* **WHAT IS BEING ASKED**: In this exercise, print only the lines of the records below from the one with "경남 함양군은 지난 25일" through the one with "Der Außenbereich ist", inclusive. Pictures are not part of the copy.
☆ ☆ ☆ ☆
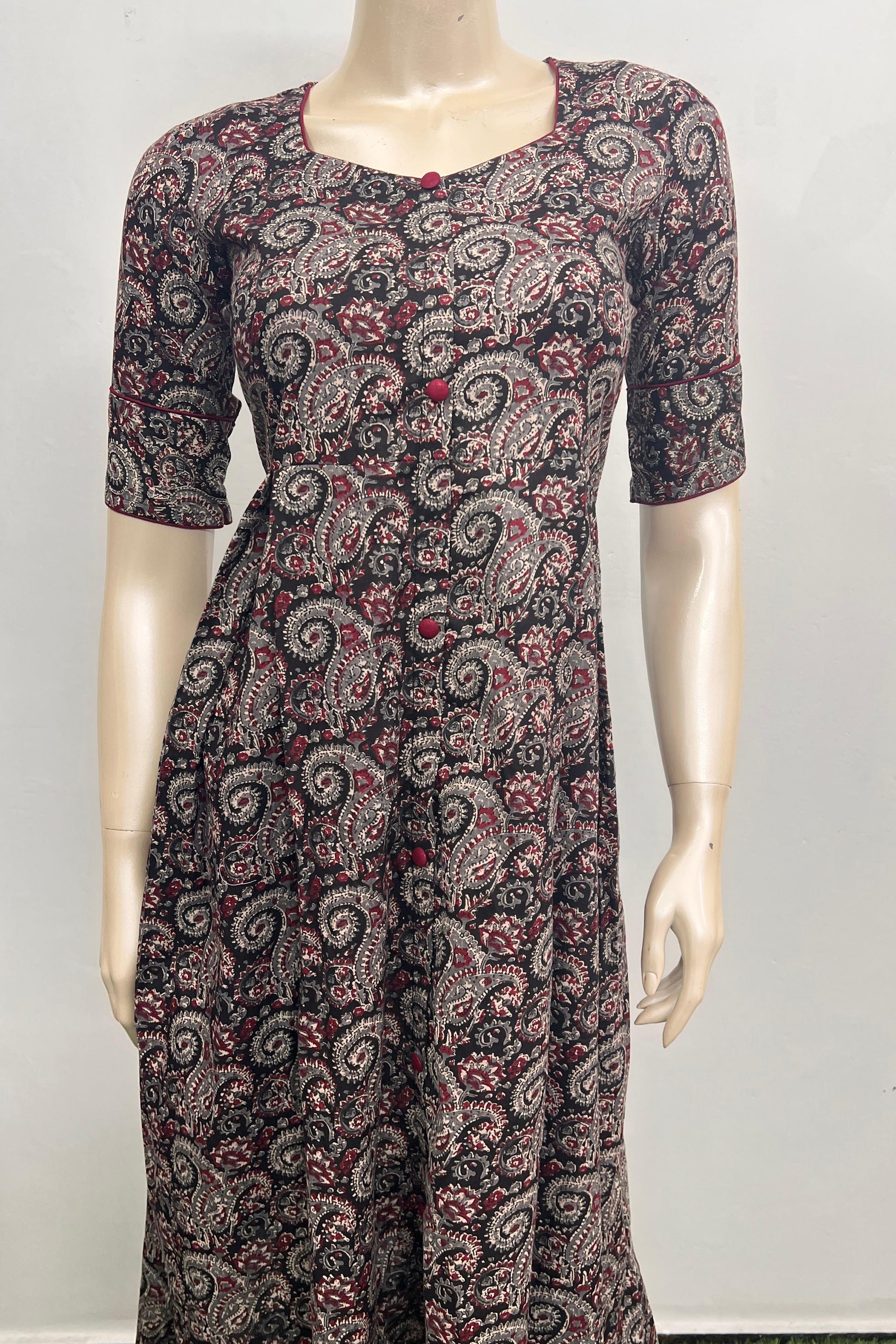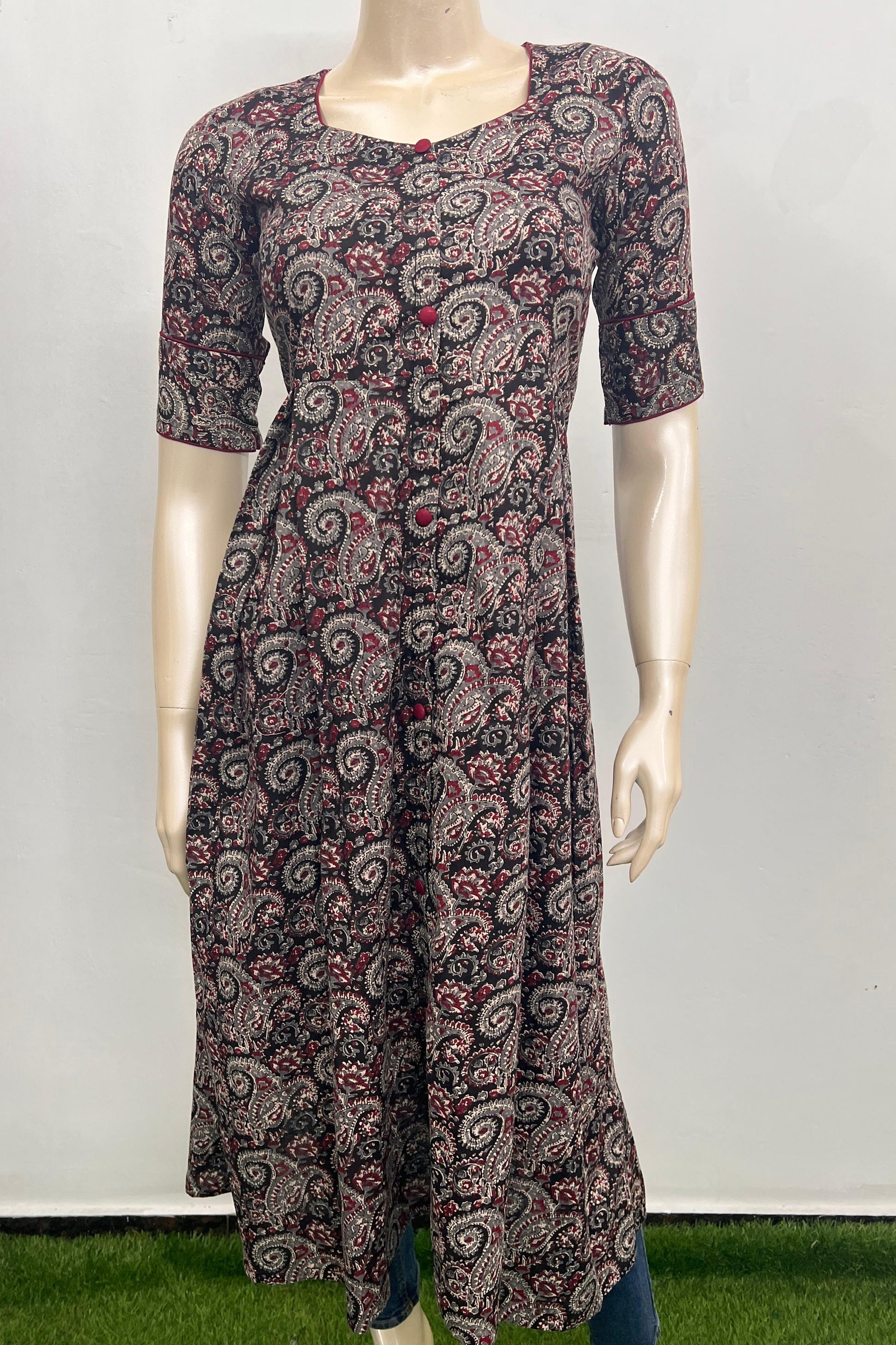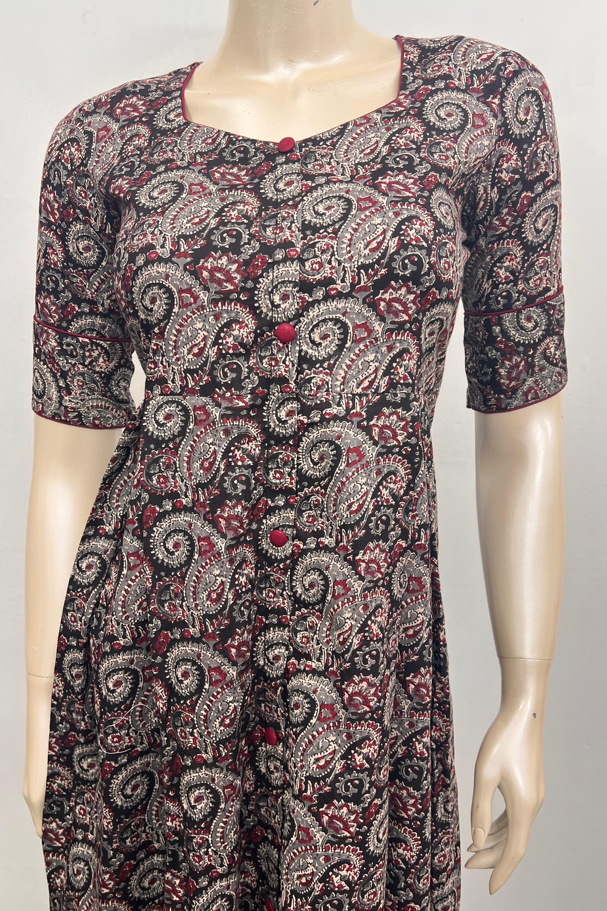 Cotton dress kurti with a beautiful busy floral paisley design with box pleat. It has a squared neckline and elbow sleeve, highlighted with maroon piping and button. It is made in pure cotton making it breathable and comfortable.
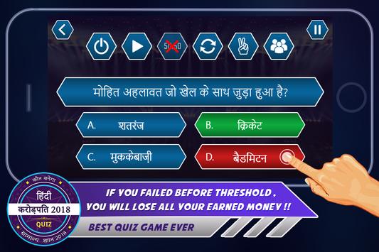 Play India's biggest general knowledge quiz game KBC 2018 in all Indian languages with new gk and current affairs questions and improve your general knowledge and current affairs.
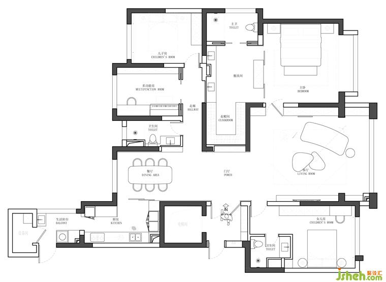 3.擴(kuò)大廚房洞口,使空間比例得到延伸4.衛(wèi)生間的布局調(diào)整,增加收納空間
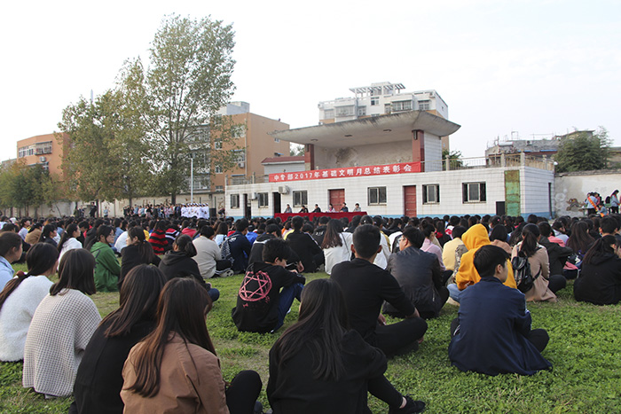 本网讯(文/中专部)10月26日下午,中专部在东校区操场隆重举行2017年基础文明月表彰大会,对在活动中涌现出来的先进典型进行鼓励。中专部领导班子成员、全体辅导员和班主任、2016级和2017级学生代表参加了表彰会。会议由中专部主任李贞保主持。
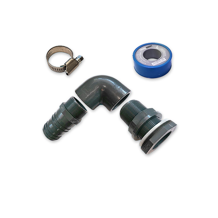 PVC Tankanschluss Set gewinkelt 90° für 63 mm Schlauch
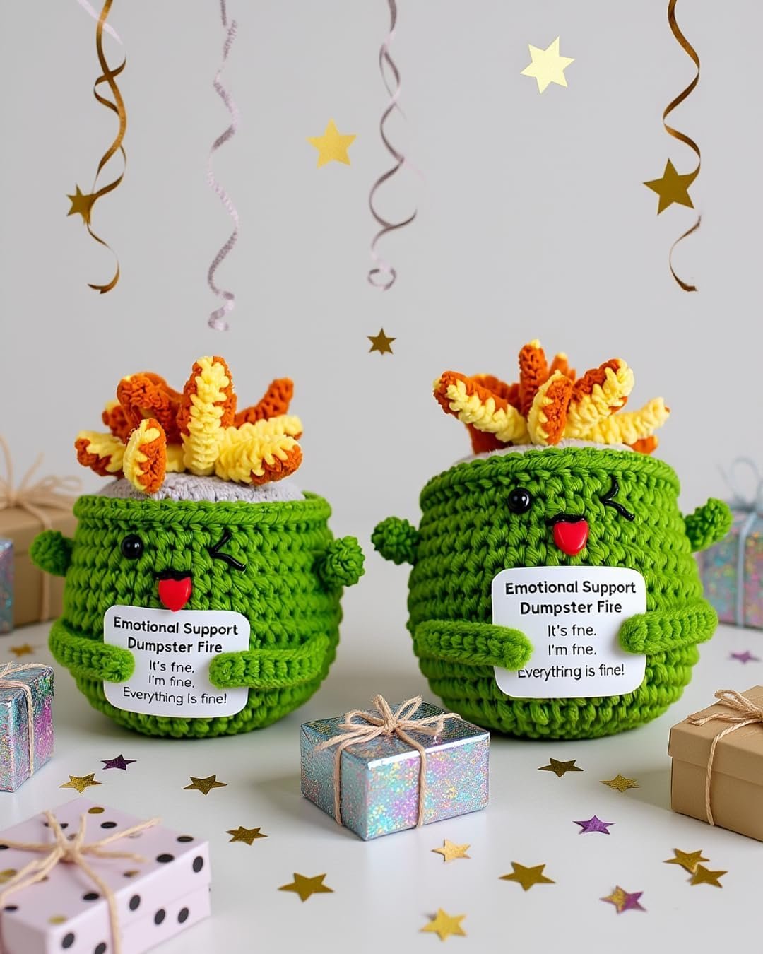 HANDCRAFTED DESIGN: Whimsical crochet dumpster fire plush that serves as a humorous emotional support companion for stressful times
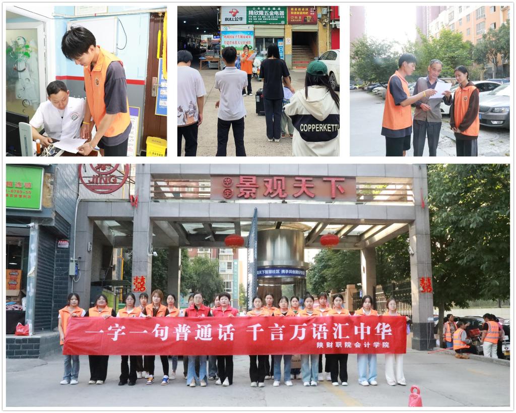 为深入学习贯彻落实习近平总书记关于做好推广普及国家通用语言文字工作的重要指示精神,传承弘扬中华优秀语言文化,在全社会营造学习使用国家通用语言文字的浓厚氛围。9月16日,会计学院在文林路华宇景观天下小区开展“青春实践社区行推普宣传正当时”推普进社区活动。
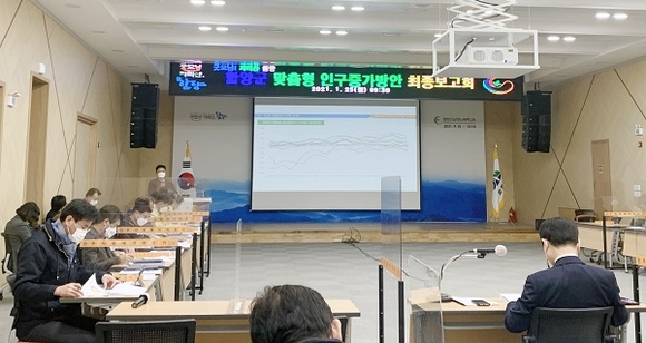 경남 함양군은 지난 25일 군청 대회의실에서 본청 담당관·과·소장 30명이 참석한 가운데 '함양군 맞춤형 인구증가 방안 연구용역' 최종보고회를 가졌다.
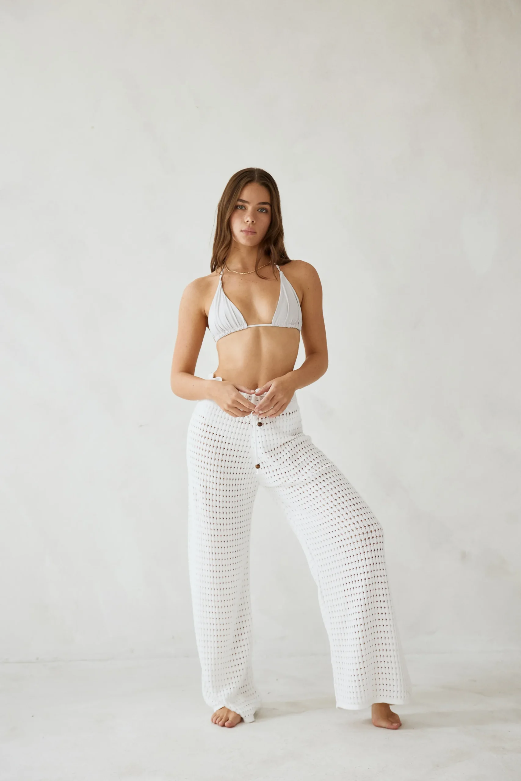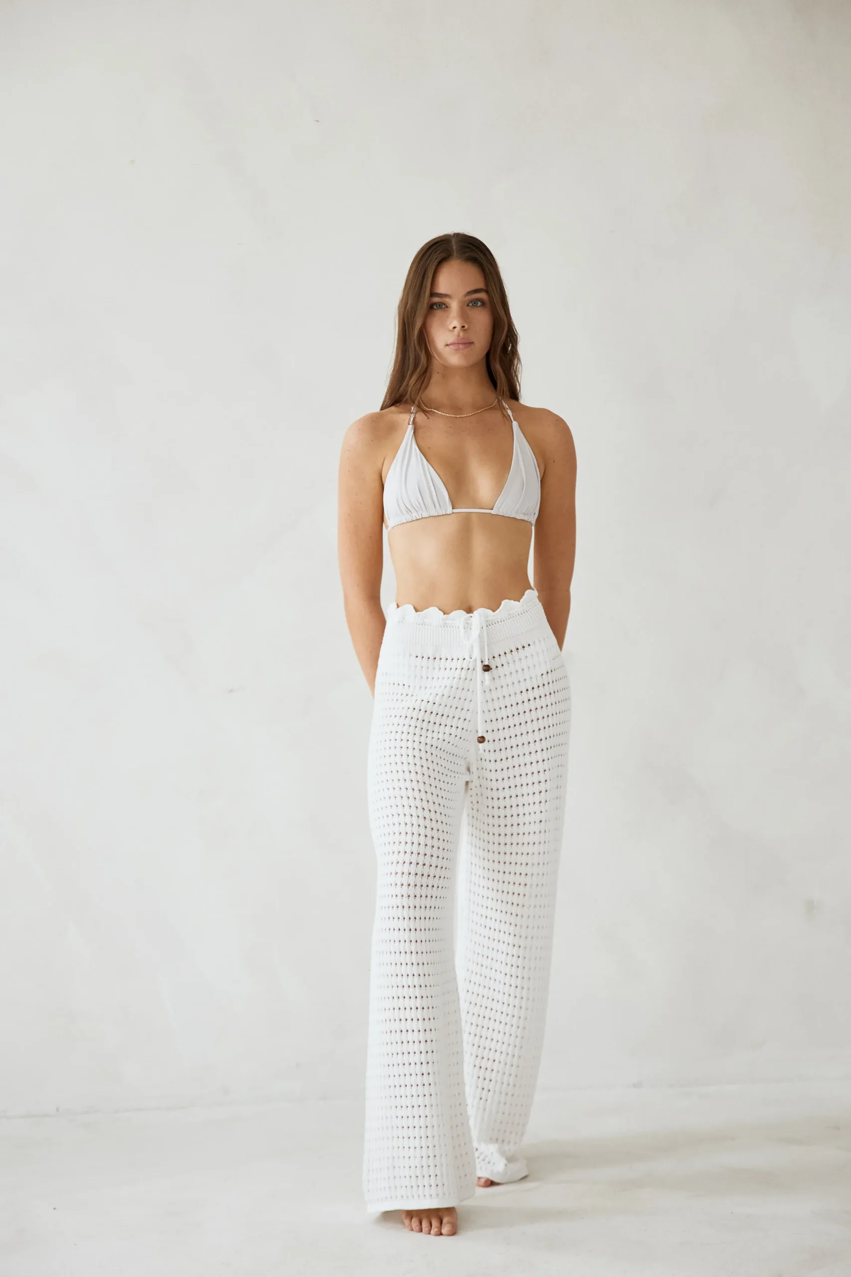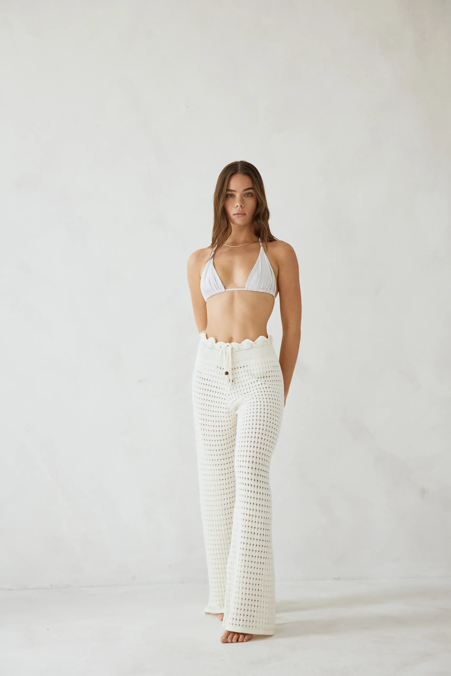 Elevate your look with the Demi Pant! Designed from a soft cotton blend crotchet, this pant is the perfect style for your next beach bar or festival. This high-waisted style features an adjustable beaded drawstring and a ruffled waist detail.
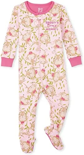 - DESIGN — Features long sleeves, rib-knit crew neck and sleeve cuffs, attached footies with elasticized back ankles and allover monkey print
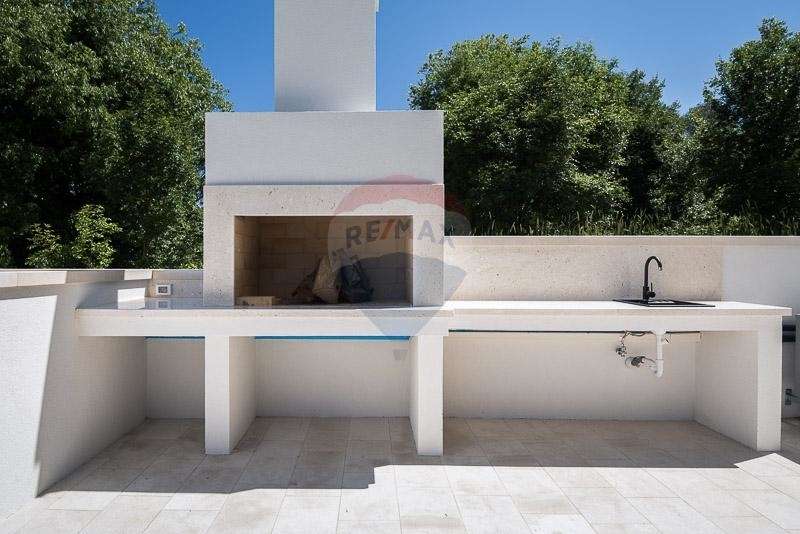 Der Außenbereich ist mit einem beheiztem Pool mit Salzwasser ausgestattet, verfügt über einer Sommerküche mit Grill und einem Parkplatz für 3 PKWs.
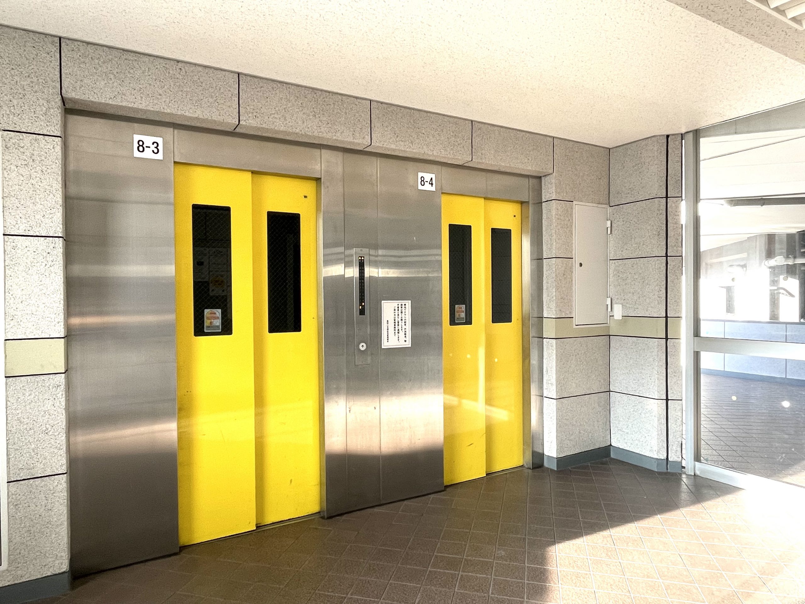• エレベーター両端・真ん中の5基。お部屋の最寄エレベーターは真ん中のイエロー2基です!
☆ ☆ ☆ ☆
* **RESPONSE AREA**:
 경남 함양군은 지난 25일 군청 대회의실에서 본청 담당관·과·소장 30명이 참석한 가운데 '함양군 맞춤형 인구증가 방안 연구용역' 최종보고회를 가졌다.
 Elevate your look with the Demi Pant! Designed from a soft cotton blend crotchet, this pant is the perfect style for your next beach bar or festival. This high-waisted style features an adjustable beaded drawstring and a ruffled waist detail.
 - DESIGN — Features long sleeves, rib-knit crew neck and sleeve cuffs, attached footies with elasticized back ankles and allover monkey print
 Der Außenbereich ist mit einem beheiztem Pool mit Salzwasser ausgestattet, verfügt über einer Sommerküche mit Grill und einem Parkplatz für 3 PKWs.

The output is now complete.